GIVEN DATA –
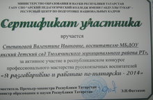 Степанова В.И. стала Лауреатом республиканского конкурса профессионального мастерства русскоязычных воспитателей "Я разговариваю и работаю по -татарски- 2014" / Степанова В.И. “Мин татарча сөйләшәм һәм эшлим - 2014” дип исемләнгән Республика конкурсында катнашып Лауреат исеменә лаек булды 18.12.2014
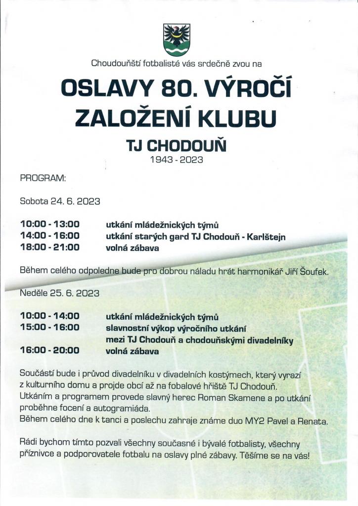 Fotbalisté TJ Chodouň srdečně zvou na "Oslavy 80. výročí založení klubu TJ Chodouň", které proběhnou v sobotu 24.6. a v neděli 25.6. 2023
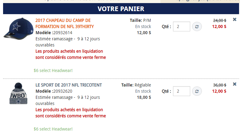 Alors le site Internet Lids.ca nous présente les items de notre panier et… oooh surprise! Les items de notre panier sont maintenant rendus à 12$ chacun. Hé bien non, ils ont mis 2 casquettes et tuques dans le panier, 6$ multiplé par deux items donnent 12$. Nous ne savons pas pourquoi.
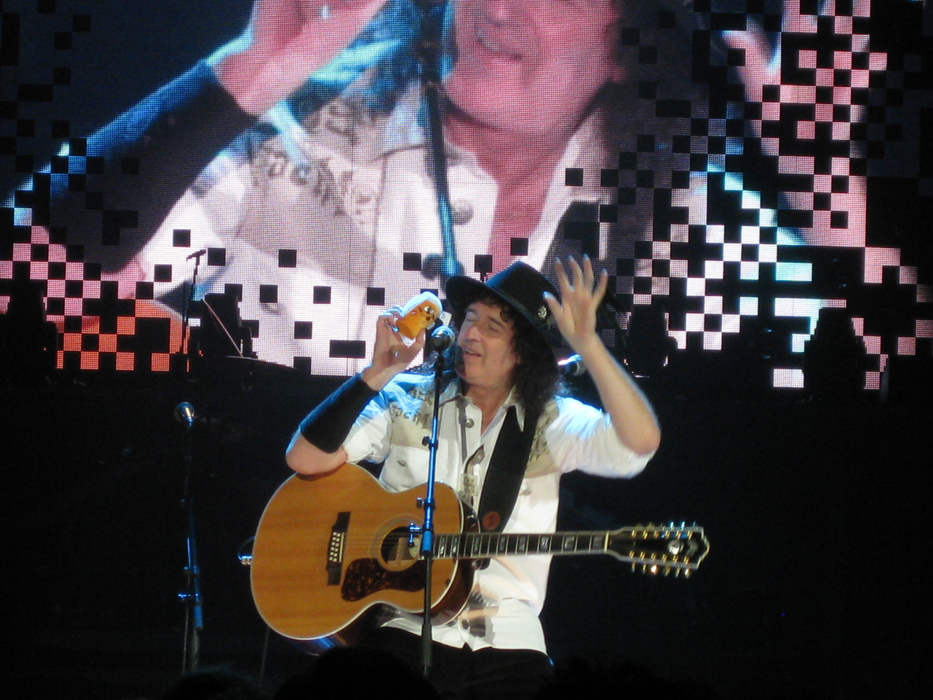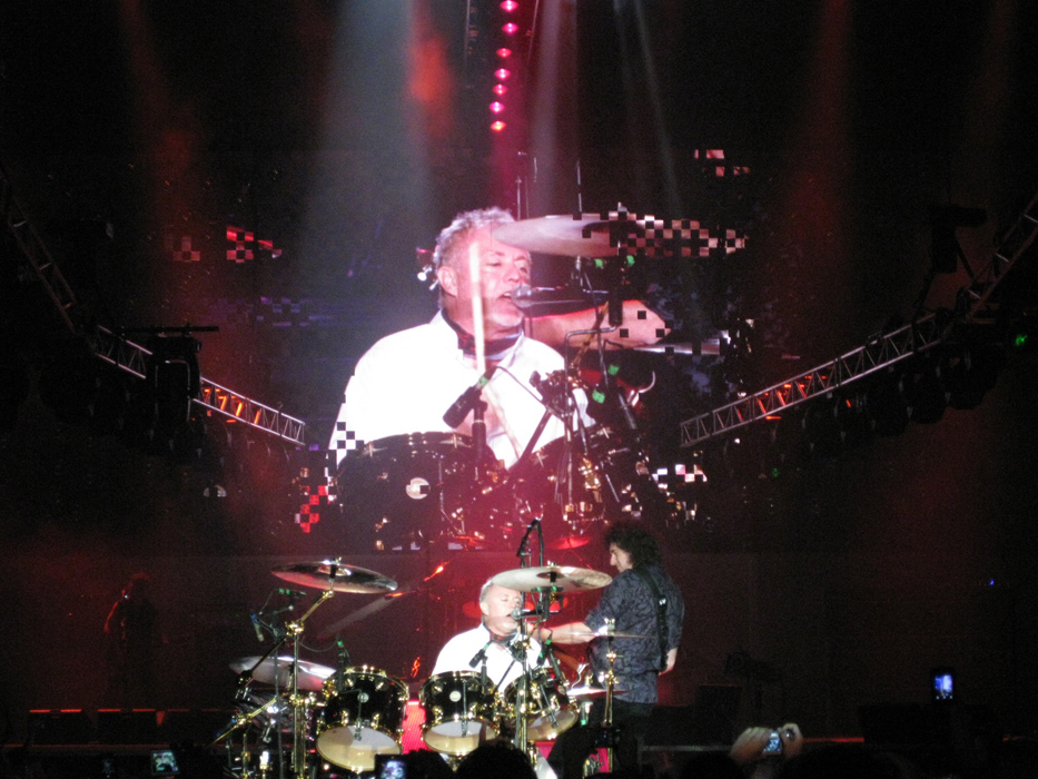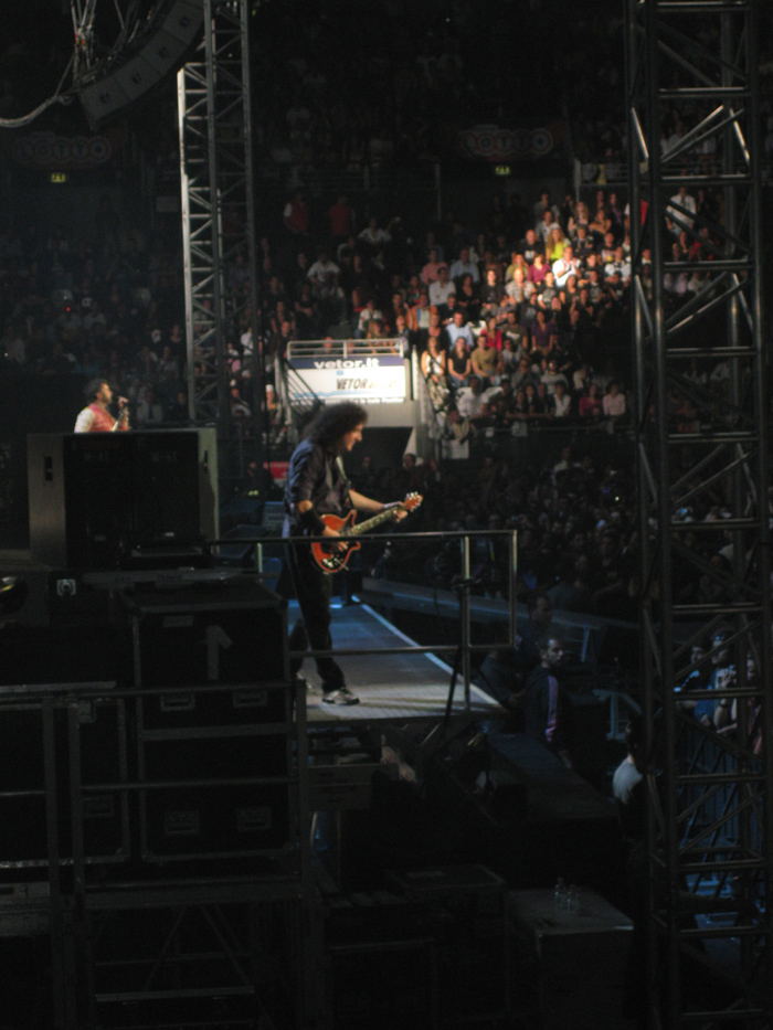Никаких особых изменений по сравнению с туром 2005 года. Порадовал новый видео-ряд во время оперной части. Хочется отметить огромное количество камер телефонов, фотоаппаратов и других устройств во время Bo Rhap. В Риме и Милане так вообще можно было ими зал осветить… То ли люди снимают это от любви к Фредди, то ли ни у кого нет монреальского концерта на видео… J

EXERCISE DESCRIPTION – All of the material is to be reproduced verbatim, pictures excluded.

SOLUTION –
 Степанова В.И. стала Лауреатом республиканского конкурса профессионального мастерства русскоязычных воспитателей "Я разговариваю и работаю по -татарски- 2014" / Степанова В.И. “Мин татарча сөйләшәм һәм эшлим - 2014” дип исемләнгән Республика конкурсында катнашып Лауреат исеменә лаек булды 18.12.2014
 Fotbalisté TJ Chodouň srdečně zvou na "Oslavy 80. výročí založení klubu TJ Chodouň", které proběhnou v sobotu 24.6. a v neděli 25.6. 2023
 Alors le site Internet Lids.ca nous présente les items de notre panier et… oooh surprise! Les items de notre panier sont maintenant rendus à 12$ chacun. Hé bien non, ils ont mis 2 casquettes et tuques dans le panier, 6$ multiplé par deux items donnent 12$. Nous ne savons pas pourquoi.
Никаких особых изменений по сравнению с туром 2005 года. Порадовал новый видео-ряд во время оперной части. Хочется отметить огромное количество камер телефонов, фотоаппаратов и других устройств во время Bo Rhap. В Риме и Милане так вообще можно было ими зал осветить… То ли люди снимают это от любви к Фредди, то ли ни у кого нет монреальского концерта на видео… J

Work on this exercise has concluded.